### PROBLEM REQUIREMENTS
Transcribe the material verbatim, starting at its first line and stopping once the line containing "会议特别邀请华中科技大学教育" has been given; no picture should appear.

### RECORDED DATA
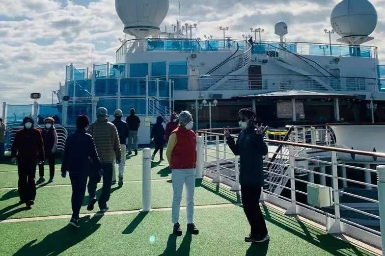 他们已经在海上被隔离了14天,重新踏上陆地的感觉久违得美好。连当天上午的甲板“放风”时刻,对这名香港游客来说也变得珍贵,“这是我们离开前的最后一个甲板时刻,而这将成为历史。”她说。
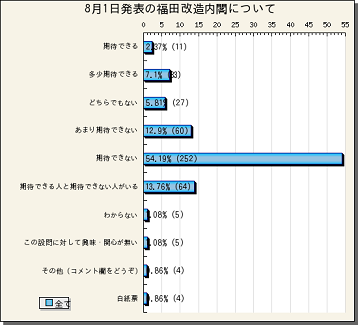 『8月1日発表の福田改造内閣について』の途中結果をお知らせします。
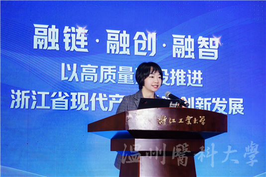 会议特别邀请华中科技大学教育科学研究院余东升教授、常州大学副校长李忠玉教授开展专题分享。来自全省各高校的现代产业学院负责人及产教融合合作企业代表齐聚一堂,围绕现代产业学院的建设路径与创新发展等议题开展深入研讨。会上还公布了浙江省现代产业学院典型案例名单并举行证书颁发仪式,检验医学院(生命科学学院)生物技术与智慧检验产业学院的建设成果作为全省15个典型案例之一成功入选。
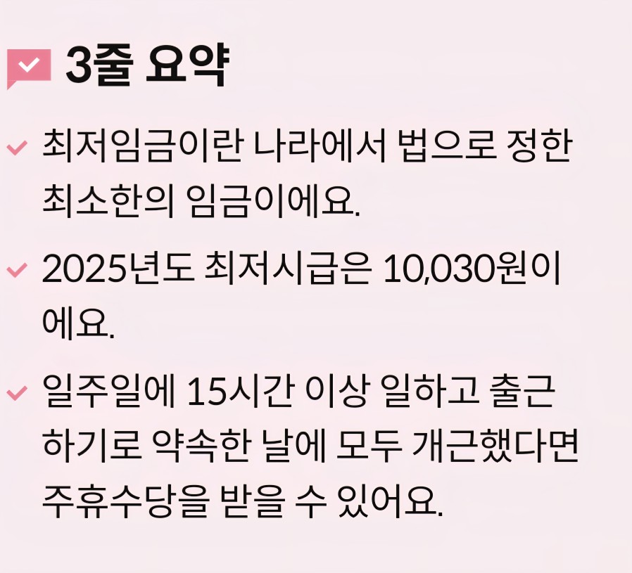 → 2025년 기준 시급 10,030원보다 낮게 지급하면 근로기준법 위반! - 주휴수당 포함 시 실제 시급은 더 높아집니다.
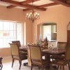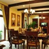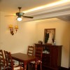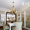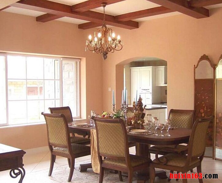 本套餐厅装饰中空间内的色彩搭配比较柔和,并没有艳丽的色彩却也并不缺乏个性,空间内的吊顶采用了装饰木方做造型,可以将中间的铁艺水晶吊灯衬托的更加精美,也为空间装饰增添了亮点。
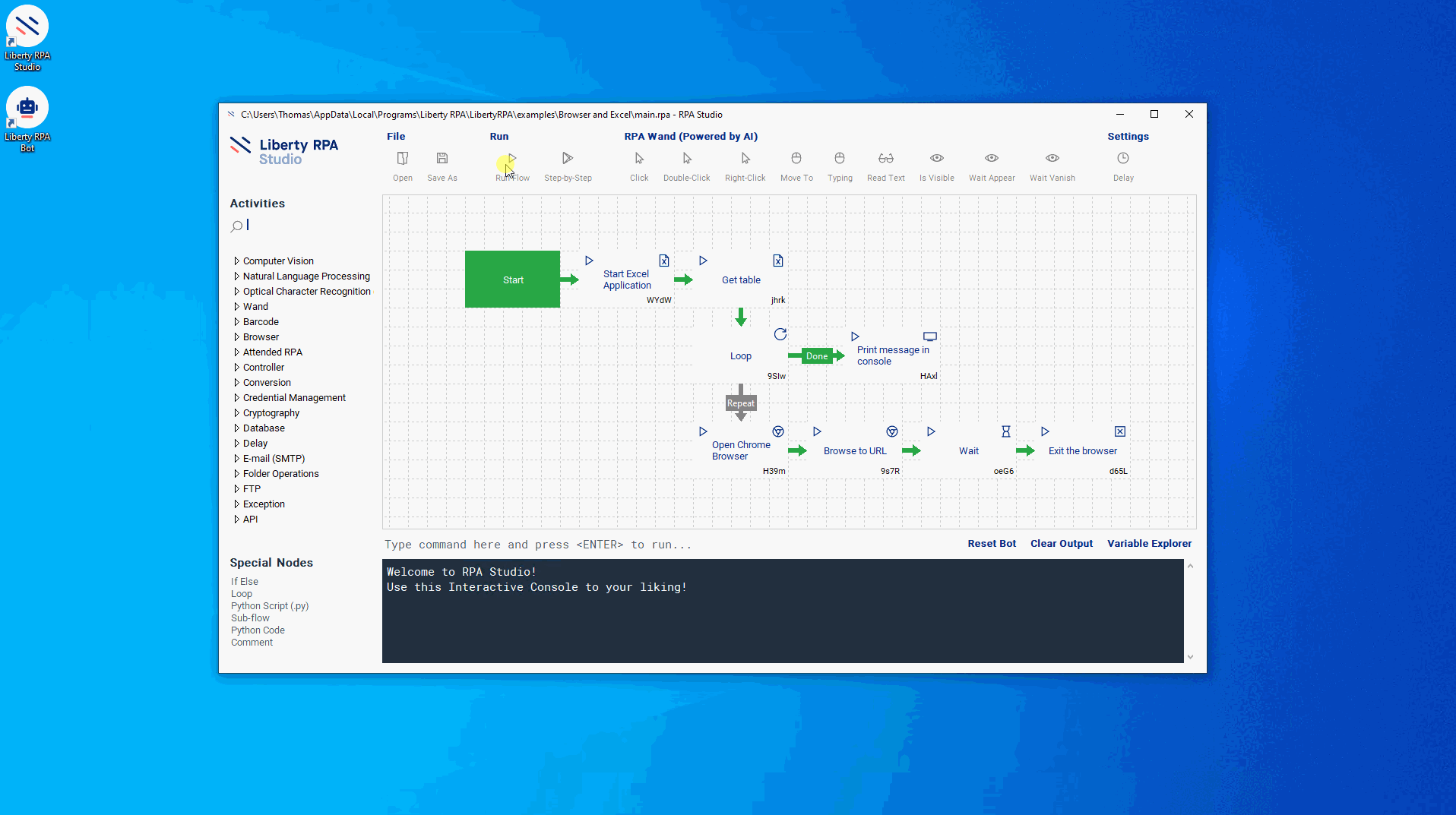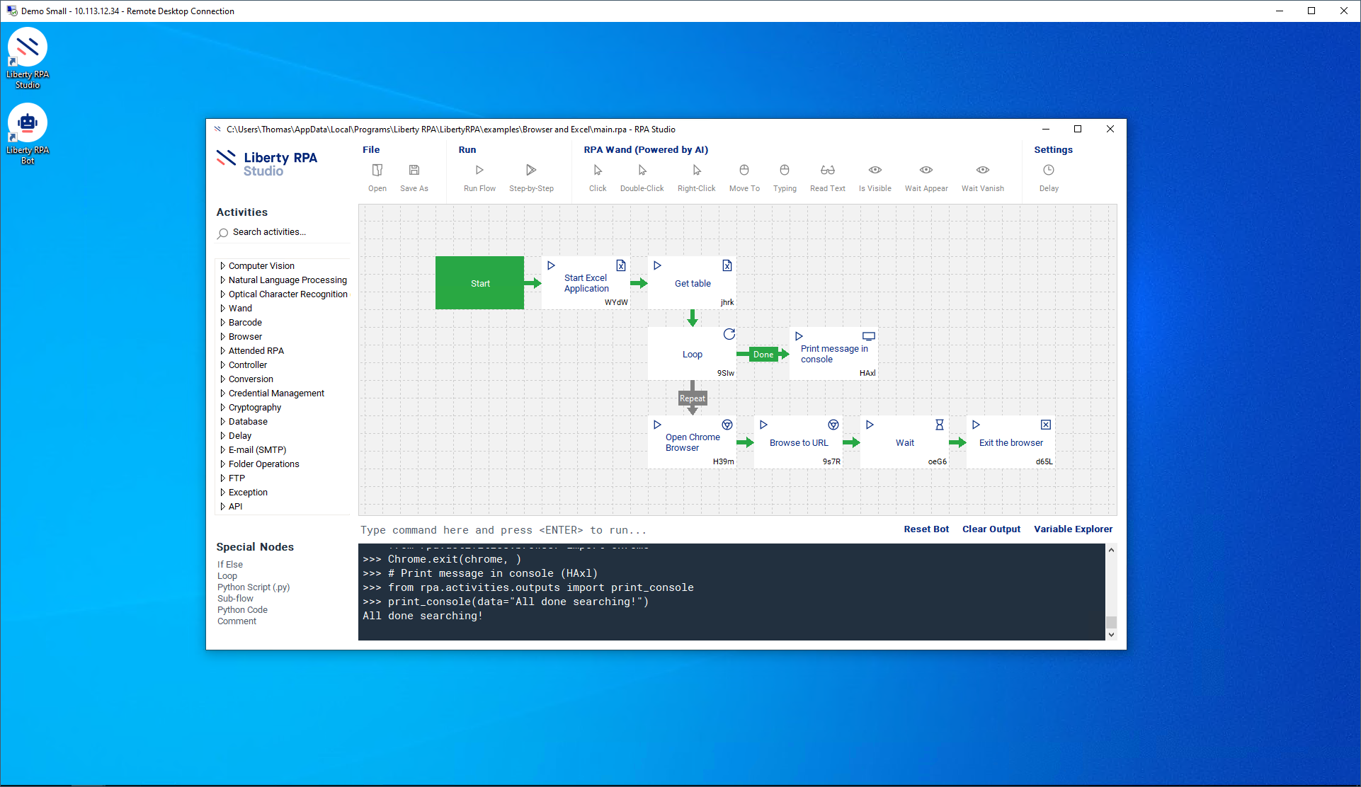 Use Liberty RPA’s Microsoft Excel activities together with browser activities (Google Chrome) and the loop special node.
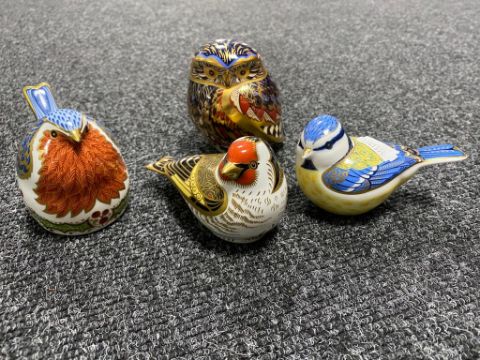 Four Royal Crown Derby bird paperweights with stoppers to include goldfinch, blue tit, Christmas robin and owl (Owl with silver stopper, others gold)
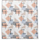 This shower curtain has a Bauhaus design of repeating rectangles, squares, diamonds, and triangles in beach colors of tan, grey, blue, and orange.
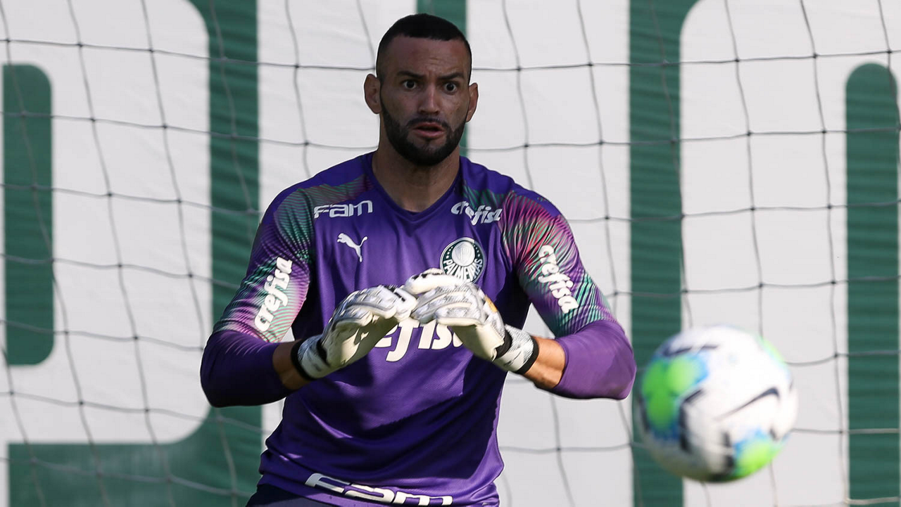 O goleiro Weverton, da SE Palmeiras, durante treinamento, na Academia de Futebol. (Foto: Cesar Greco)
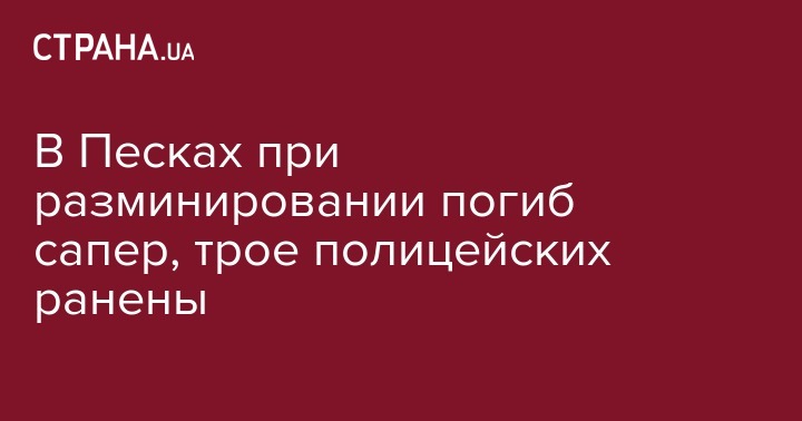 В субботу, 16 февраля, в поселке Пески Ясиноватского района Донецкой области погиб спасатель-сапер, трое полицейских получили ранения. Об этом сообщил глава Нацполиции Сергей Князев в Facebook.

### RESULT OF THE TASK
 他们已经在海上被隔离了14天,重新踏上陆地的感觉久违得美好。连当天上午的甲板“放风”时刻,对这名香港游客来说也变得珍贵,“这是我们离开前的最后一个甲板时刻,而这将成为历史。”她说。
 『8月1日発表の福田改造内閣について』の途中結果をお知らせします。
 会议特别邀请华中科技大学教育科学研究院余东升教授、常州大学副校长李忠玉教授开展专题分享。来自全省各高校的现代产业学院负责人及产教融合合作企业代表齐聚一堂,围绕现代产业学院的建设路径与创新发展等议题开展深入研讨。会上还公布了浙江省现代产业学院典型案例名单并举行证书颁发仪式,检验医学院(生命科学学院)生物技术与智慧检验产业学院的建设成果作为全省15个典型案例之一成功入选。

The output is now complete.